- Born: 14 February 1914 Kaimganj, Farrukhabad, Uttar Pradesh, India
- Died: 7 February 1993 (aged 78) Jamia Nagar, New Delhi, India
- Occupation: Urdu poet
- Awards: Padma Shri Sahitya Akademi Award

= Gulam Rabbani Taban =

Gulam Rabbani was an Indian lawyer and poet of Urdu literature who wrote under the nom de plume 'Taban'. He wrote several poems in Urdu, especially ghazals, and was known for his works, Zauq-i safar, Nava-e-avara, Poetics to politics and Saz-i larzan. He received the Sahitya Akademi award in 1979 for his work, Nava-e-avara. He was honoured by the Government of India in 1971 with Padma Shri, the fourth highest Indian civilian award.

==Biography==
Gulam Rabbani was born at Kaimganj, a small hamlet in Farrukhabad district in the Indian state of Uttar Pradesh on 15 February 1914 in a rich family of Zamindars. He did his early schooling at the local village school and passed the intermediate examination from Aligarh. He graduated from St. John's College, Agra where he mixed with students most of whom were attracted to leftist ideology and took a degree in law.

Rabbani started writing during the college days under the pseudonym, Farchat but later, changed it to Taban. His leftist leanings got him into trouble with the British authorities and post independence, with the Indian law and order and he had to suffer incarceration on two occasions. Around this time, he joined Maktaba-e-Jamia, a Delhi-based publishing group and took to serious writing. He stayed with the organization for a number of years as its general manager till his retirement in 1975.

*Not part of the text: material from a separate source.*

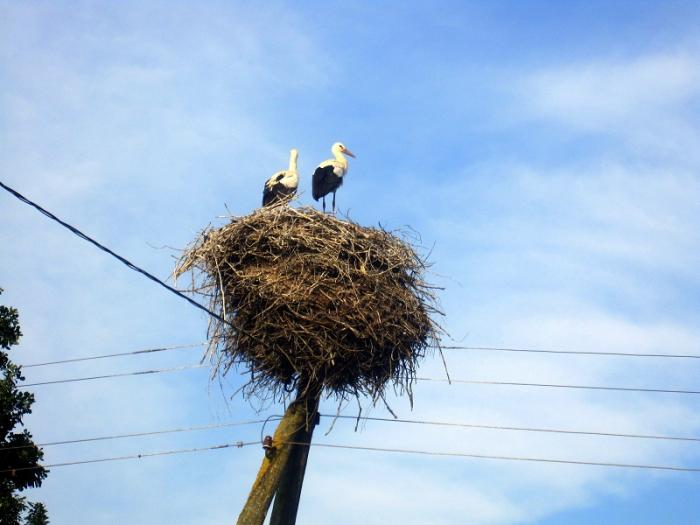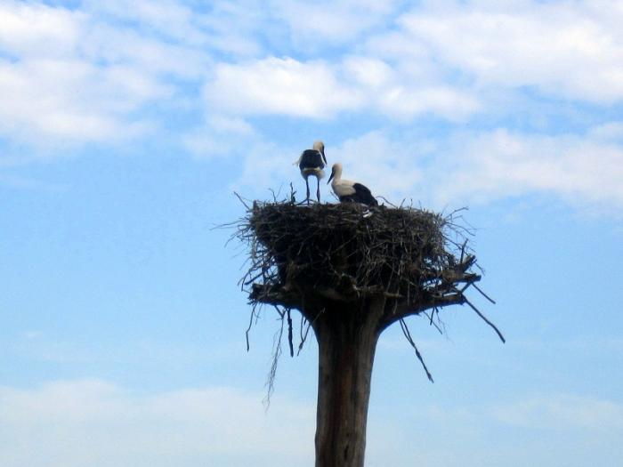 Дорога тянется полосой на юг, и тут мы замечаем на каком-то столбе аиста. Сначала подумали, что они искусственные, но аисты опровергли это мнение.

After retirement, he continued writing while engaging in journalism as well. The Government of India awarded him the civilian honour of Padma Shri in 1971. He received the Sahitya Akademi award in 1979 for his anthology, Nava-e-avara.

Rabbani had three sons and three daughters. Azra Rizvi, one of his daughters, was among the trio of writers, the others being Ajmal Ajmali and Sughra Mehdi, who wrote Rabbani's biography published by Mahnamah Kitab Numa, New Delhi in 1993 under the name, Ghulam Rabbani Taban : shakhsiyat aur adabi khidmat. He died in 1992.